Smash earth mites early

Red-legged earth mites hit Central West high country

Lee Matthews and wife Stacey on Vale View in their paddock of Tobruk triticale that has recovered from red-legged earth mite attack.

Lee Matthews and wife Stacey on Vale View in their paddock of Tobruk triticale that has recovered from red-legged earth mite attack.


From Mandurama to Borenore, red-legged earth mites are making their presence felt.


WHEN Lee Matthews thought a crop of triticale wasn't preforming as expected, still at the three-leaf stage a month after emerging, he took a closer look.

He found red-legged earth mites munching away on young shoots.

"It took me about a week to twig there was something wrong, because it's so early, we wouldn't normally have a problem with them until late winter or early spring," he said.

Further investigation across the 280-hectare property Vale View, near Blayney, revealed his clovers were also under attack.

"We sprayed the whole place, I've never seen them so bad," he said.

Mr Matthews estimated in a five centimetre square sample there would have been 10 to 15 mites.

But 10 days after spraying his 15-hectare paddock of Tobruk triticale it has turned the corner.

"You wouldn't know it was the same paddock."

Mr Matthews said he always used innoculated seed, which cost him about $100 a tonne for cleaning and innoculation.

Further west Parkes and Forbes seem to have been spared.

AgriWest Forbes-based agronomist Tom Macleay said there had really been only two or three genuine frosts in his region to this point this year.

But in the last three weeks he had been undergoing preventative checks.

Mr Macleay said he wasn't a fan of in-crop sprays, because often beneficial insects took a hard hit too.

People should be looking to innoculated seed, he said.

"Sure the seed might cost a little more first up, and the spray is not expensive, but it's well worth it once you think of labour, chemical and fuel costs of getting a spray rig across your country."

At Borenore, on the Australian National Field Days site, an AusWest pasture trial has also been hit by red-legged earth mites.

Agronomist Kate Labrocque said while it seemed the grasses might survive after the mites were sprayed, she would need to re-seed legumes, such as clovers and medics.
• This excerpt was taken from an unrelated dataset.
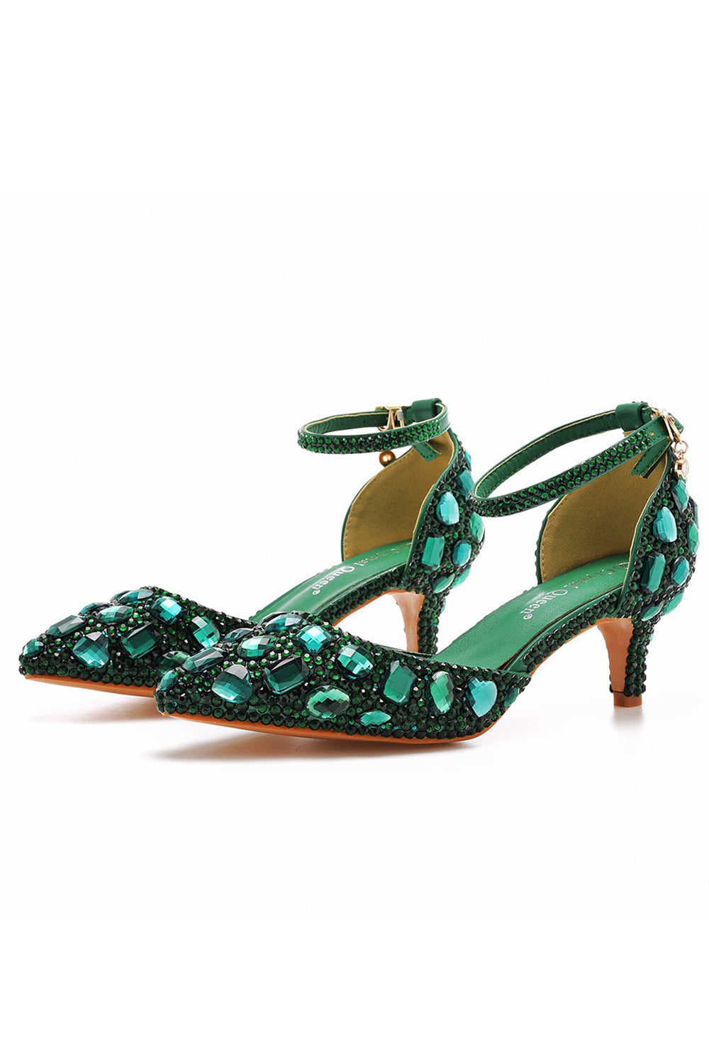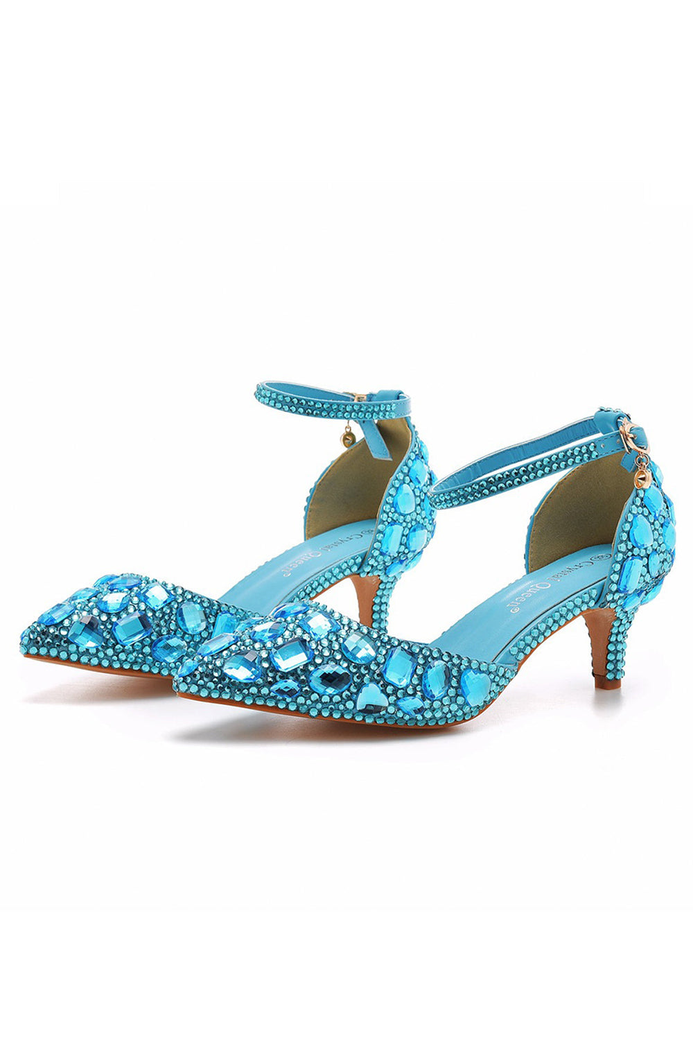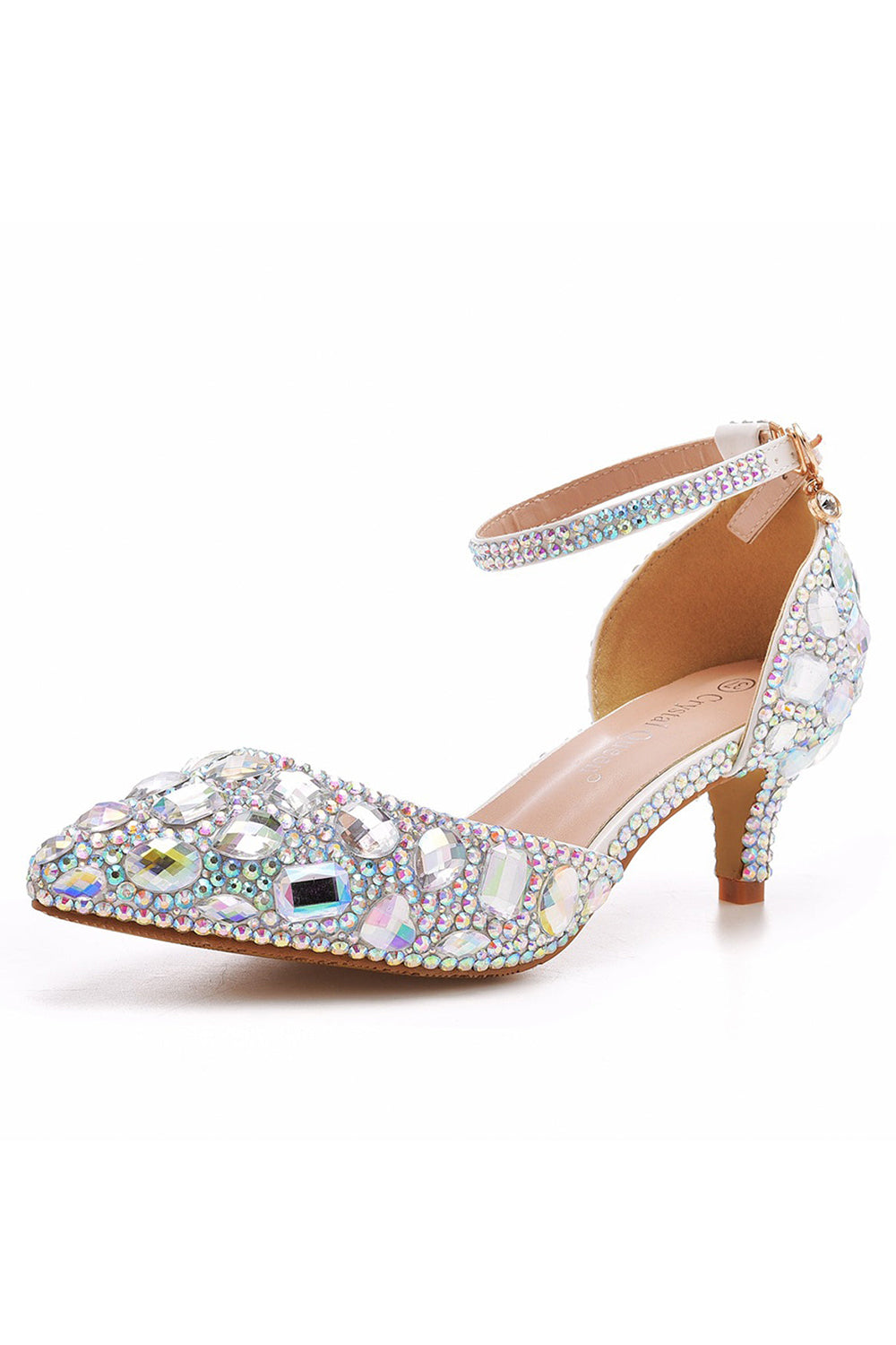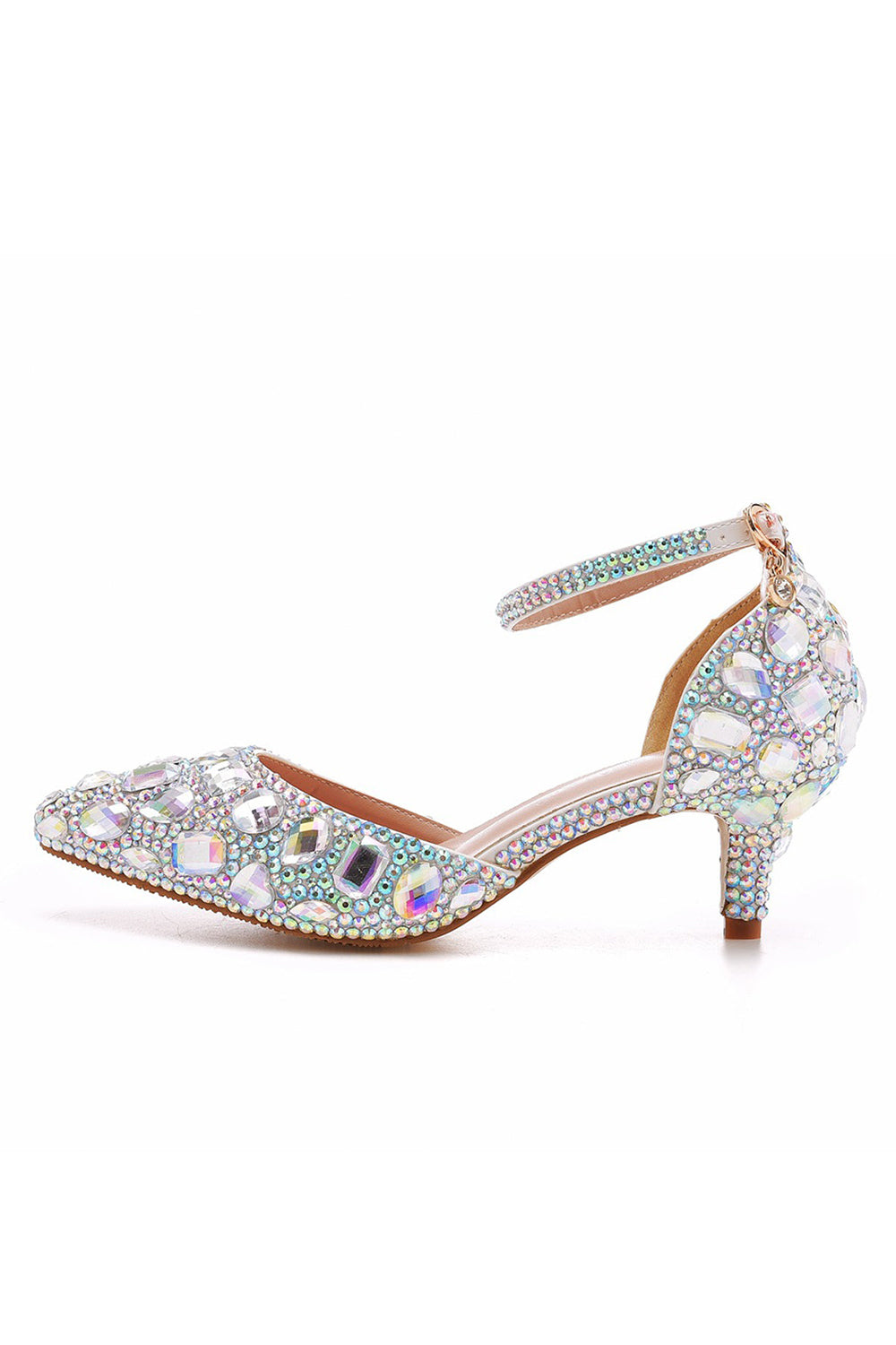 Pointed Toe Crystal Diamond Ankle Strap Kitten Heels

"Because there's so many of them they eat the cotyledon and the plants run out of energy," she said.

She urged farmers to take a good look at newly sown pasture or crop that wasn't performing as well as expected.

"You can actually see them on the ground. But if the plants are more established you can run your hands through it and check your hands to see if there's any hanging on." She said Gippsland, Ballarat and the Western District in Victoria had been hit hard.

Parkes-based AgriWest agronomist Greg Miller said his region has so far been spared.

He said once ambient daytime temperatures decreased to below 21 degrees Celsius it was time to be on watch.

When it came to preventative measures he said there were clover varieties that were tolerant to mites.

Treating seed with insecticide also helped, he said.

At Cowra, Elders agronomist Peter Watt said red-legged earth mites had been found at Hobbys Yards and Mandurama, but there had been low-level impact in the Cowra area, so far.

Department of Primary Industries research entemologist based out of Wagga Wagga Jo Holloway said most crop was vulnerable at the emergent stage, but unless stressed most could cope with an outbreak.

"Canola is vulnerable to three-leaf stage and wheat is most vulnerable at growth stages 10 to 12, but once it is through to 14 it can cope," she said.

"But we must watch spreading resistance," she said. Western Australia, South Australia and Victoria all have signs of emerging resistance.

She said there were two insecticide groups that killed the mites, organophosphates and synthetic pyrethroids.

If repeated spraying was required, the same group should not be used twice running, she said.